The Sikh Code of Conduct states "For a Sikh, there is no restriction or requirement as to dress except that he must wear Kachera and turban." Kachera is a drawer type fastened by a fitted string round the waist, very often worn as an underwear. This Kakkar was given by Gobind Singh to remind his Sikhs that they should control their sexual desire, Kaam (lust). The kachera is above-the-knee underwear meant to give a feeling of dignity, modesty, and honour to the person who wears it. The garment is usually made from white, lightweight-cotton material.
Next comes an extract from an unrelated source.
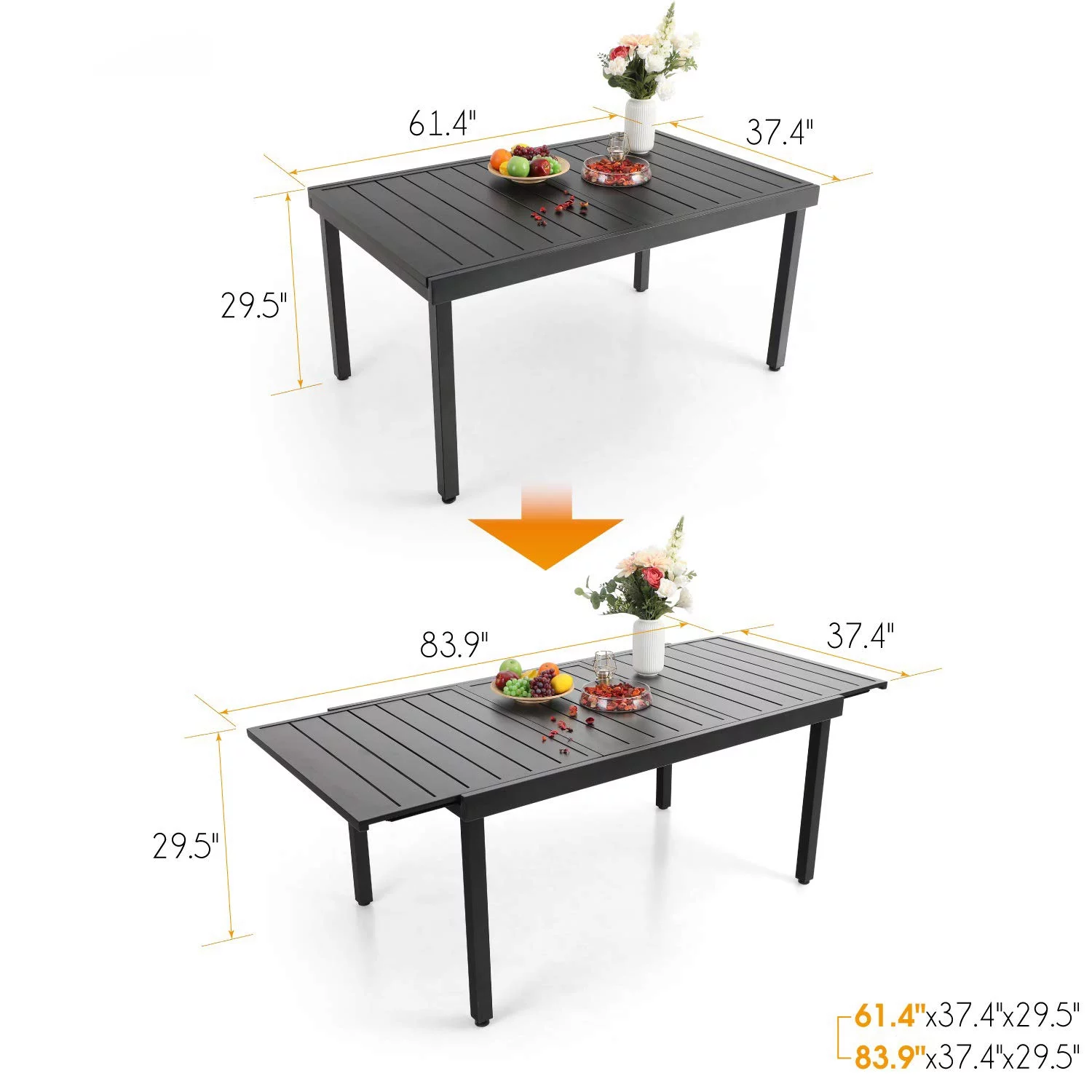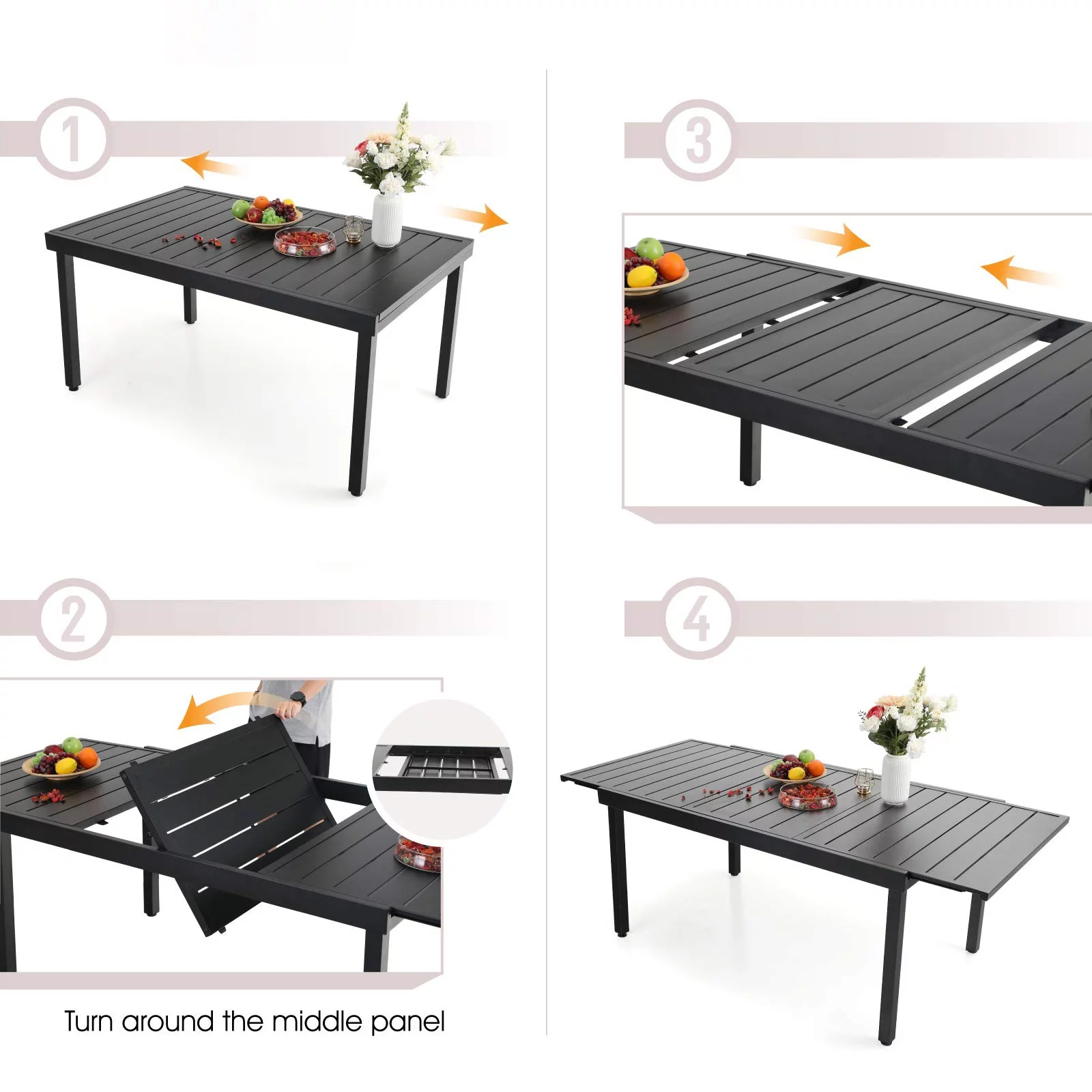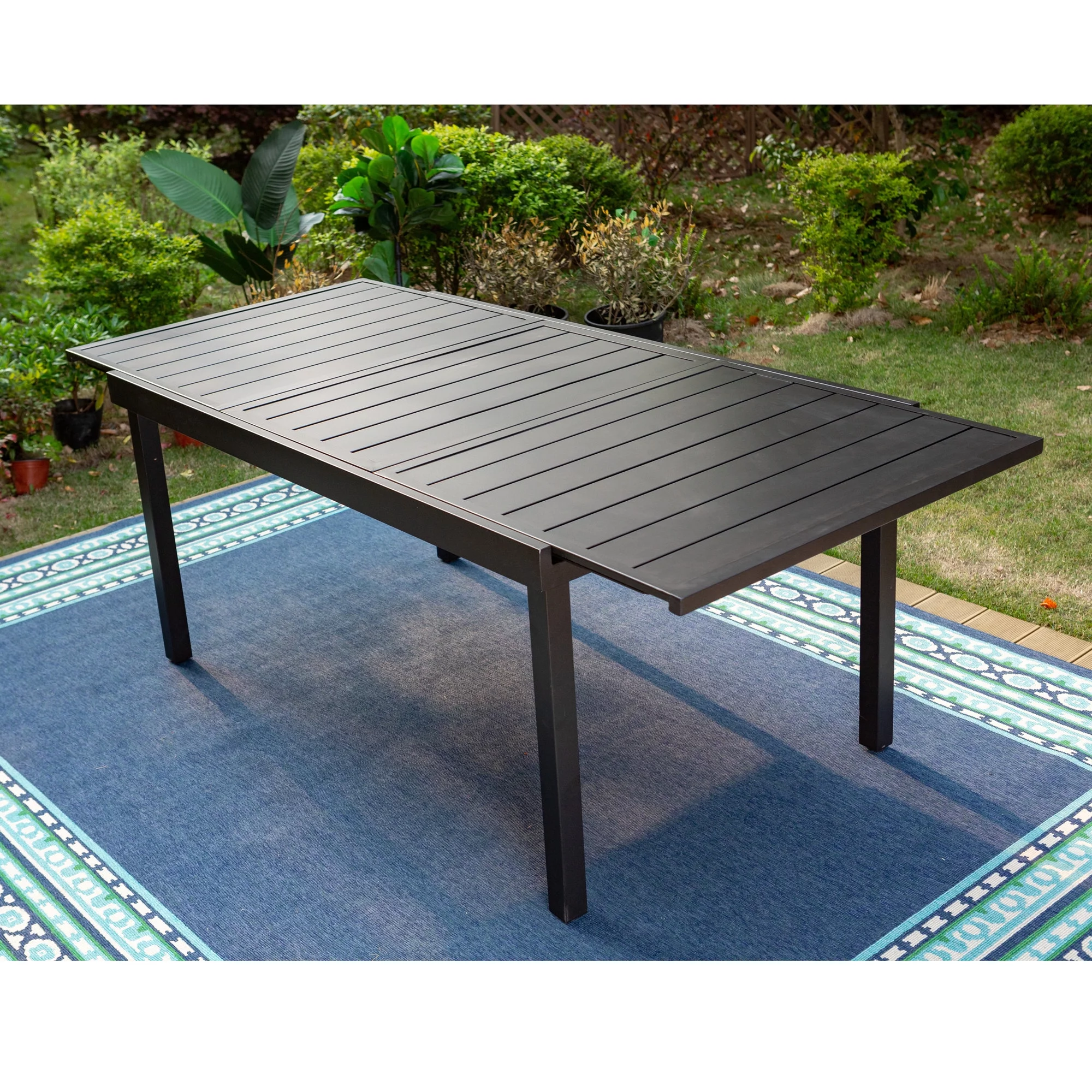 MF Studio 12-seater Patio Dining Set with 2 Extendable Tables and 12 Steel Armchairs for Thanksgiving, Family Dinner& Party, Black
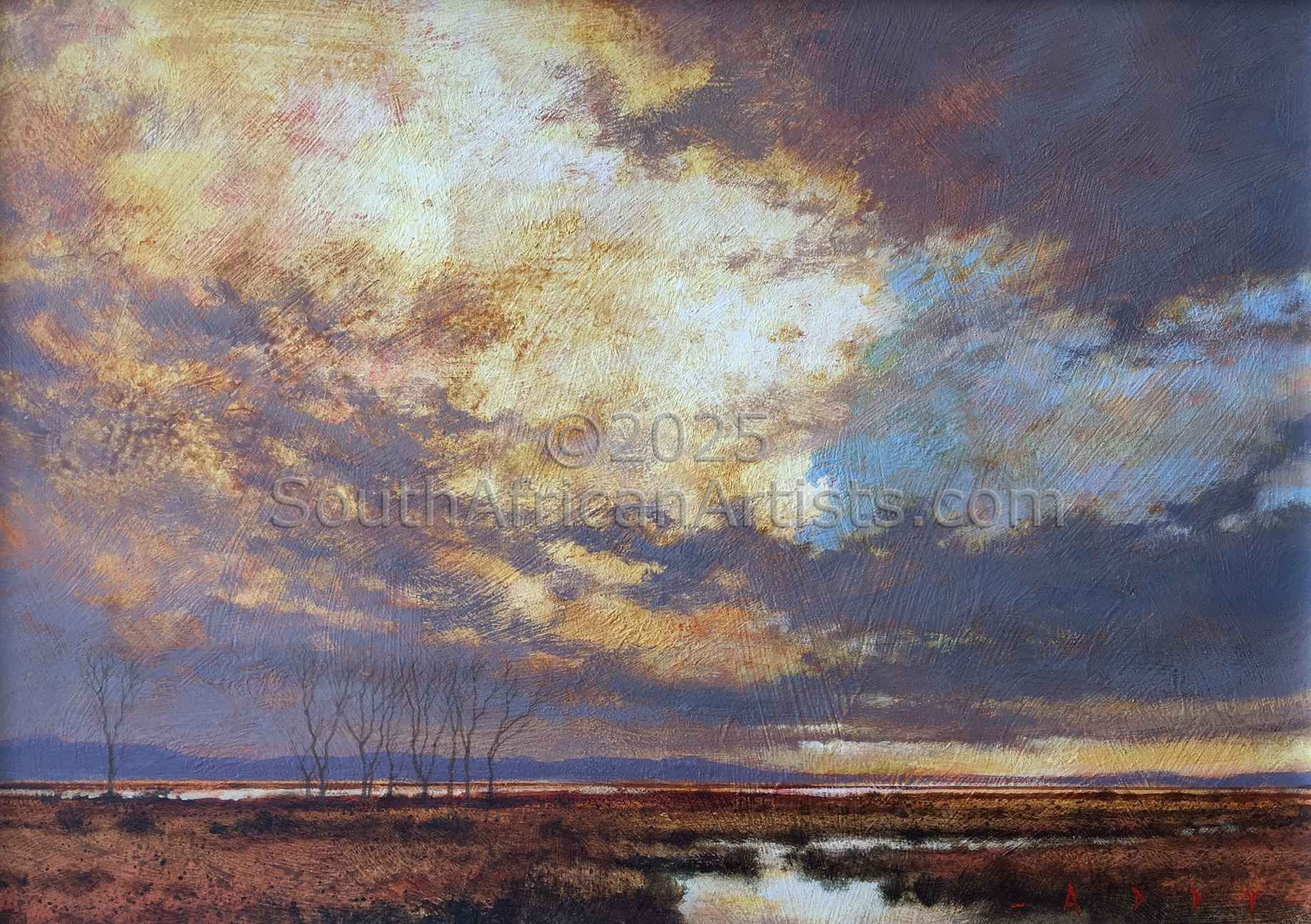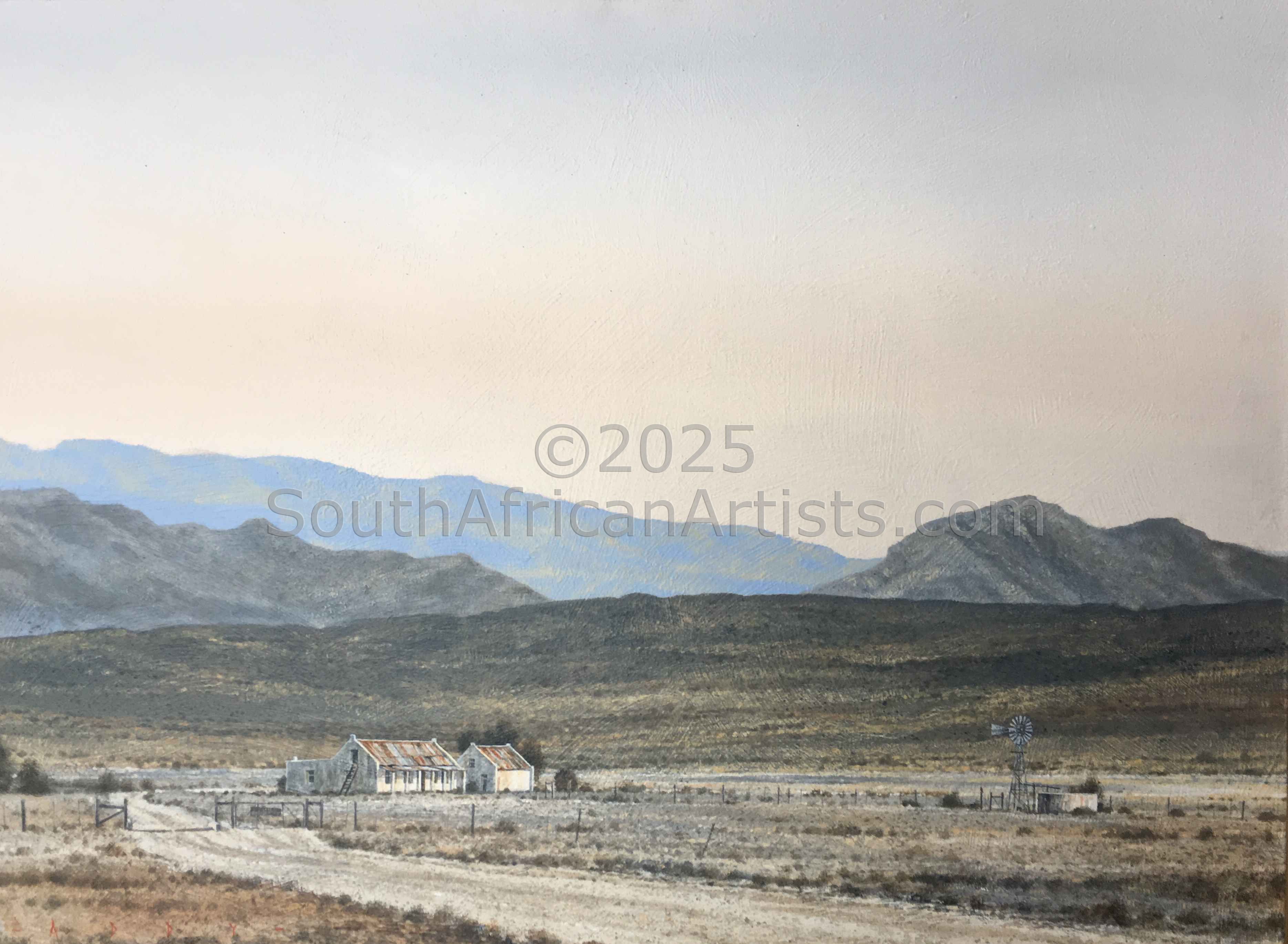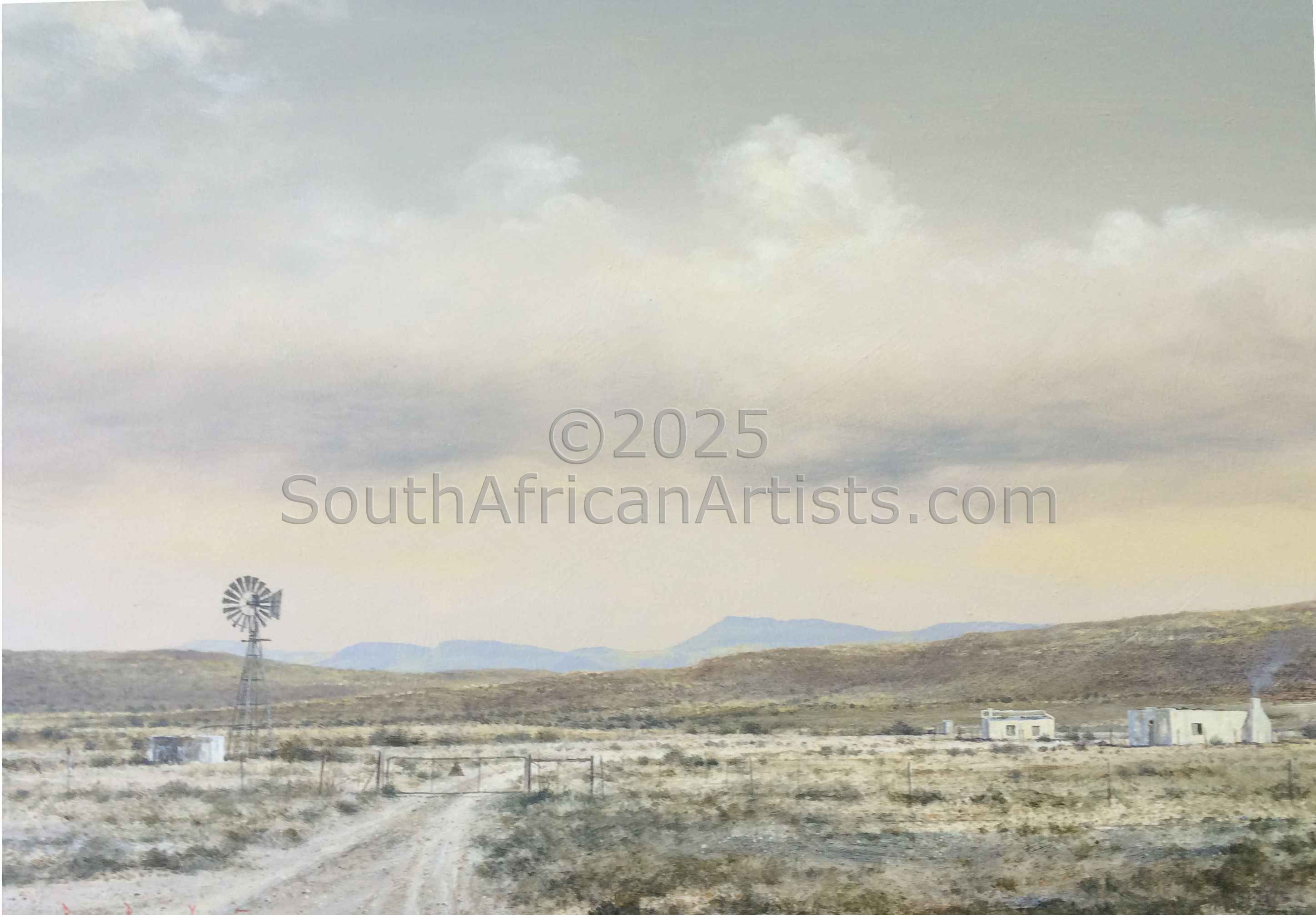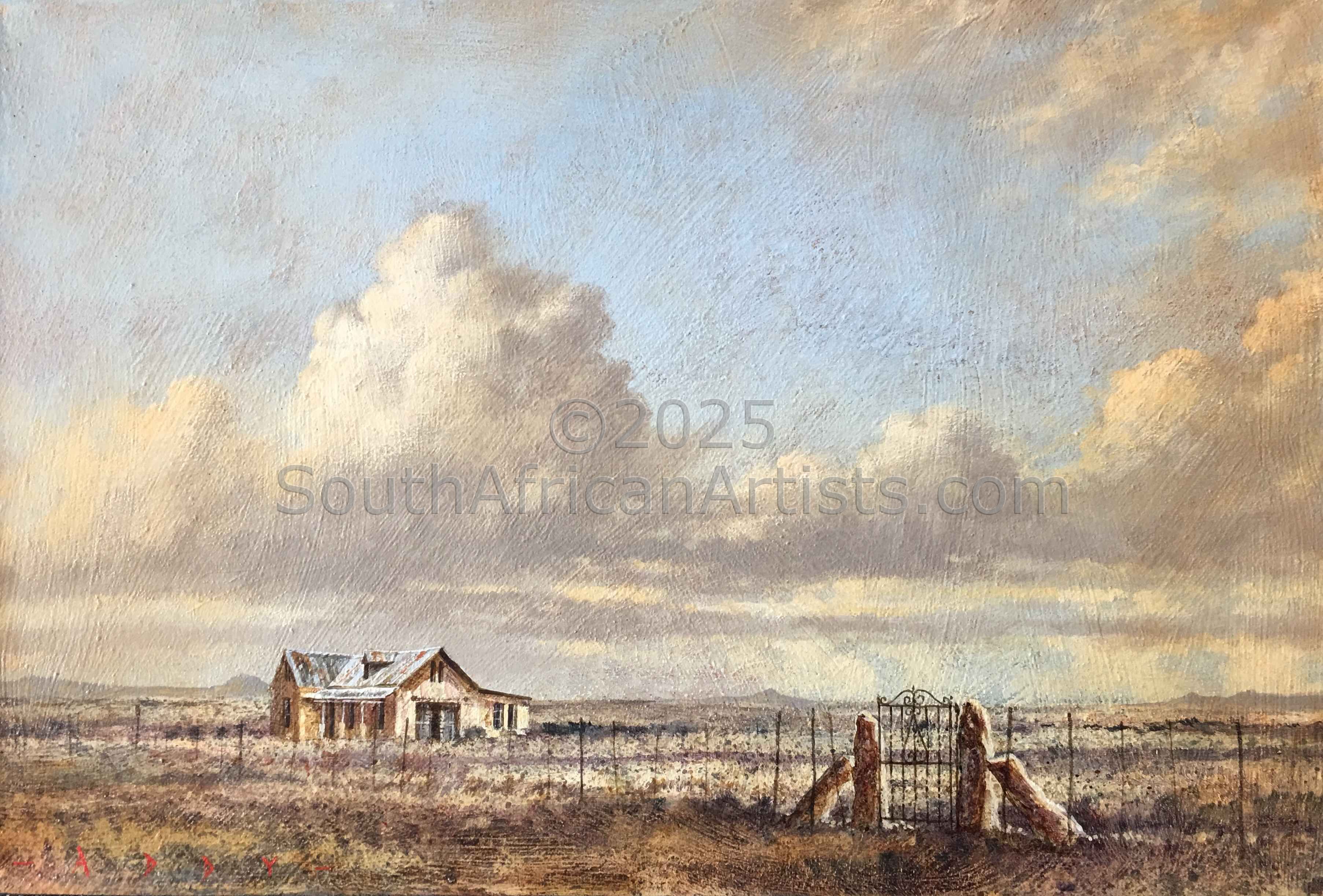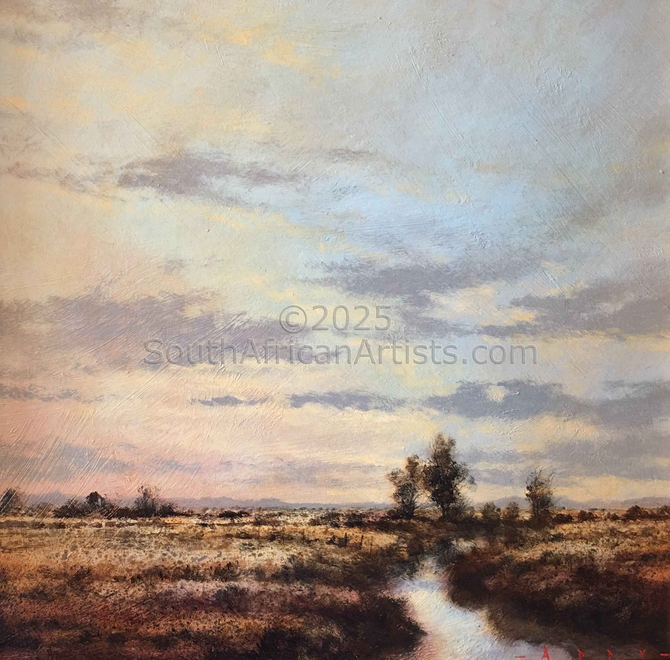 Rendered with a passion and technical facility reminiscent of the Old Masters, Simon's landscapes evoke the spirit of the Eastern Highlands' bleached winter grasses, veldfires, and old stone houses under brooding skies. His travels in search of soulful scenery produce moody studies of wintry Natal Midlands river-courses and wetlands, and deserted Northern Cape farmhouses.

It serves to cover the genitalia, as well as to remind the Sikh of the Guru's commandment to think of members of the opposite sex as he or she would think of immediate family and not as objects of lust. The kacchera is secured and tied with a "nara" (drawstring). This serves as another reminder that when one is untying the drawstring one is given time to think about what one is about to do.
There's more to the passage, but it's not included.